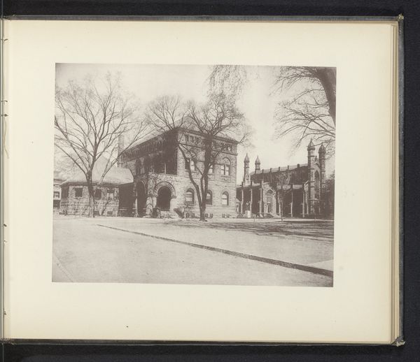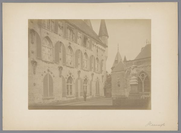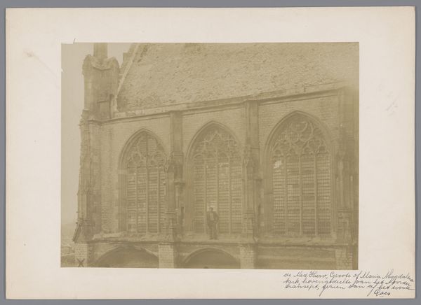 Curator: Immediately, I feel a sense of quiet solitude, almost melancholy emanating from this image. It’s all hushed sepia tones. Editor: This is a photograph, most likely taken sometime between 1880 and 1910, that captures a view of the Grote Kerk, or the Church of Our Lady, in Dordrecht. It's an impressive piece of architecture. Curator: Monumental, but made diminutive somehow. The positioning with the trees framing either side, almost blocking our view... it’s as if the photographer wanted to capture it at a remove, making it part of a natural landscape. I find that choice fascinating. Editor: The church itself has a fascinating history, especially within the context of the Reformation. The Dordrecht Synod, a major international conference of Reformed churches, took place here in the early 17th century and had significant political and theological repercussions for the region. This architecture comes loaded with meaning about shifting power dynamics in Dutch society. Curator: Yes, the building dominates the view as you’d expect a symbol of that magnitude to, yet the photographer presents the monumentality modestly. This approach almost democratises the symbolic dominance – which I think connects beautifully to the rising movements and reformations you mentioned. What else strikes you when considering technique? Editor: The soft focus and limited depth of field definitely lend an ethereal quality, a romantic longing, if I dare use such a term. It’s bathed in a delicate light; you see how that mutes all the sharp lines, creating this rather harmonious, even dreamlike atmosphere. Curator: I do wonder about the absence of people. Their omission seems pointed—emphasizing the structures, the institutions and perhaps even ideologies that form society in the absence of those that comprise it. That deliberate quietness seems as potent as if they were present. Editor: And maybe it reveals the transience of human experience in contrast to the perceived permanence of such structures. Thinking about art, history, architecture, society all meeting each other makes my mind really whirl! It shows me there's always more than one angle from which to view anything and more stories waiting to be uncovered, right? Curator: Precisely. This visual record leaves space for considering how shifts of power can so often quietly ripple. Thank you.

----------------

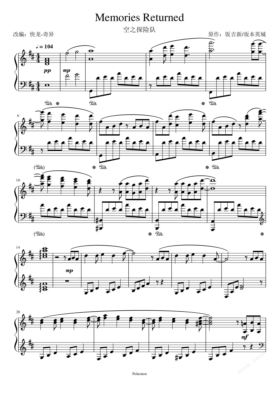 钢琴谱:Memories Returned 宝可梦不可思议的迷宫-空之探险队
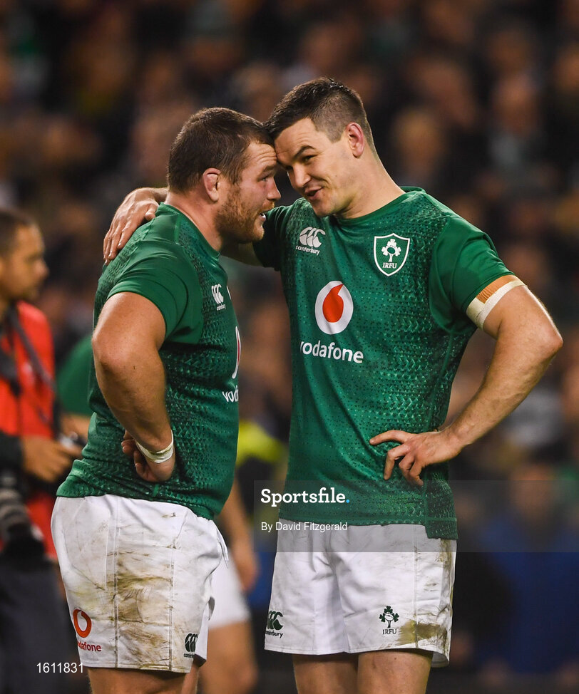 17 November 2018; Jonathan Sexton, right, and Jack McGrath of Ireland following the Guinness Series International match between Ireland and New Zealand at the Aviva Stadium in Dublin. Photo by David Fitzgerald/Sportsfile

----------------

**Task prompt**
Only the lines above from the one with "钢琴谱:Memories Returned 宝可梦不可思议的迷宫-空之探险队" to the one with "17 November 2018;" should be printed, both included and exactly as written; no picture belongs in the copy.

**Response for this exercise**
 钢琴谱:Memories Returned 宝可梦不可思议的迷宫-空之探险队
 17 November 2018; Jonathan Sexton, right, and Jack McGrath of Ireland following the Guinness Series International match between Ireland and New Zealand at the Aviva Stadium in Dublin. Photo by David Fitzgerald/Sportsfile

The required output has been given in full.